It had been a disappointment for Peter when Annie did not produce a son—even as it was for Annie, for whom manhood was not necessarily exalted but for whom womanhood was a state of danger and humiliation. Peter had wanted one day to pass along the tools and costumes of his trade, the outfits that meant as much to him as caps and ribbons would to a soldier. He had wanted a boy to give the green-and-tan gum boots one wore when working in a mucky barn, the moleskin trousers one wore when clearing the brush, the heavy wool birding pants, the gloves, the hickory-handled hammer, the brilliant little carbon-toothed saw that could cut through lead, the thick and aged ropes. These were the things that represented a way of life, a way of doing things Peter respected; they were a part of a harmony he found comforting and even beautiful, though of course it drowned out whatever his own personal song might have been.

Caitlin heard the door below her room open with a groan. She slipped out of bed and ran to the window. She pressed her hand against the ice until a palm-shaped peephole melted, and then she looked through and saw her mother on her way up the black frozen path to the Flemings’. She must be there early to roll out dough for bread and to make the breakfast in case someone in the main house got up early. There was barely any snow on the ground, just a little crust here and there nestled into the bare branches of the forsythia or mixed in with the dead leaves along the stone walls. Annie wore a long black coat over her white uniform, and black rubber boots with the snaps open, and they seemed to want to come off her feet as she trudged up the incline.

In front of her, rising out of a wreath of mist, was the brick mansion with its towering, narrow chimneys, which seemed to impale it, pins through a butterfly. In the summer, Caitlin might spy her mother walking barefoot on this path, suddenly girlish, swinging her white, square-heeled shoes in her hand as she breathed her only free breaths of the day. But in the winter speed was all. Annie walked quickly, with her head bowed against the wind, and Caitlin watched as she got further and further away, in a landscape shaped by Caitlin’s small hand, until the ice formed again in the handprint, the fingers filled in and then the palm, and then the glass was opaque and Annie was gone.

Caitlin ran back to her bed, pulled the covers up to her chin, and closed her eyes.

It was Peter’s job to awaken Caitlin, feed her, get her off to school.
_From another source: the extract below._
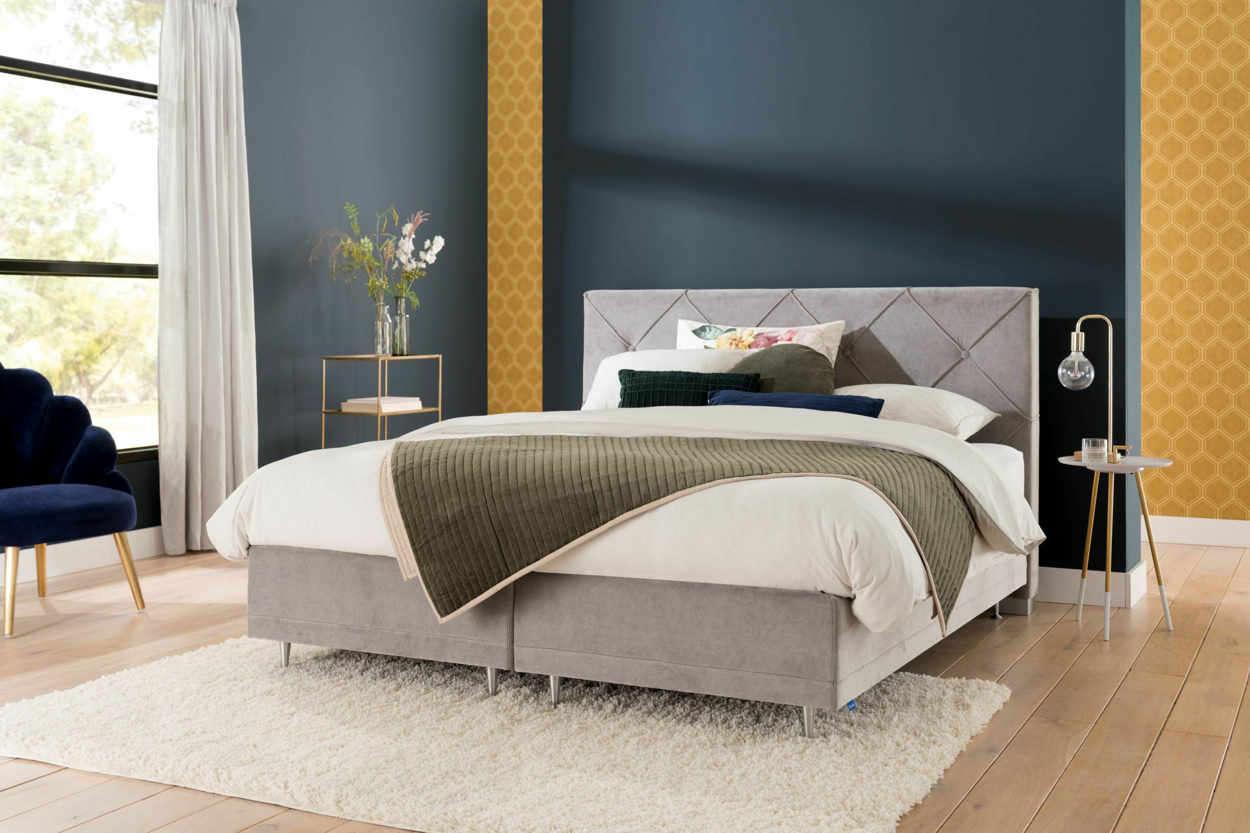 De Pullman Chicago Goldline Boxspring heeft een sterke en klassieke uitstraling. Het hoofdbord is gestoffeerd in een grijze velours stof, waardoor het een betoverende en warme uitstraling krijgt.

The Flemings could never complain about what time Peter started working—everyone knew he did more than his share on the property, did the work of two men, maybe three, and barely got the pay of just one.
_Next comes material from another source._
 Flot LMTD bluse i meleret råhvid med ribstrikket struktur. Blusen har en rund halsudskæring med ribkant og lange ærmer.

He liked to wake her gently, recalling and recoiling from the raucous risings of his own Dutch childhood—his mother beating a spoon against a pot, his father simply throwing open the windows. Peter wanted his daughter to have mornings that allowed contemplation, gratitude for life, reverence, pleasure. He would say, “Only a still pond can hold a reflection.”

Sometimes he woke her by merely sitting on the bed and letting his thoughts stir her. Sometimes he stroked her hair until she opened just one eye, a dolphin breaking the water’s surface; she would smile at him, reach for him. And then there were the times when he would slip into the bed with her, the small bed that he had made with his own hands and he and Caitlin had lacquered one distant afternoon in an equipment barn while the rain had drummed on the tin roof, drummed and drummed and drummed.

This was one of those frigid winter mornings when even the wind is too cold to make a sound. Peter had made oatmeal—he believed in hot breakfasts, just as he believed in hard work. His long face was raw from a cold-water wash and the scrape of the straight razor; he smelled of brown soap and the strong coffee he had poured into himself. His hands were always cold, with something waxy and pious about them. He blew on them to warm his fingers. He was wearing dark brown boots that laced almost to the knee, and he was careful not to get them on the quilt as he stretched out next to his daughter and whispered in her ear, “Caitlin, rise and shine.”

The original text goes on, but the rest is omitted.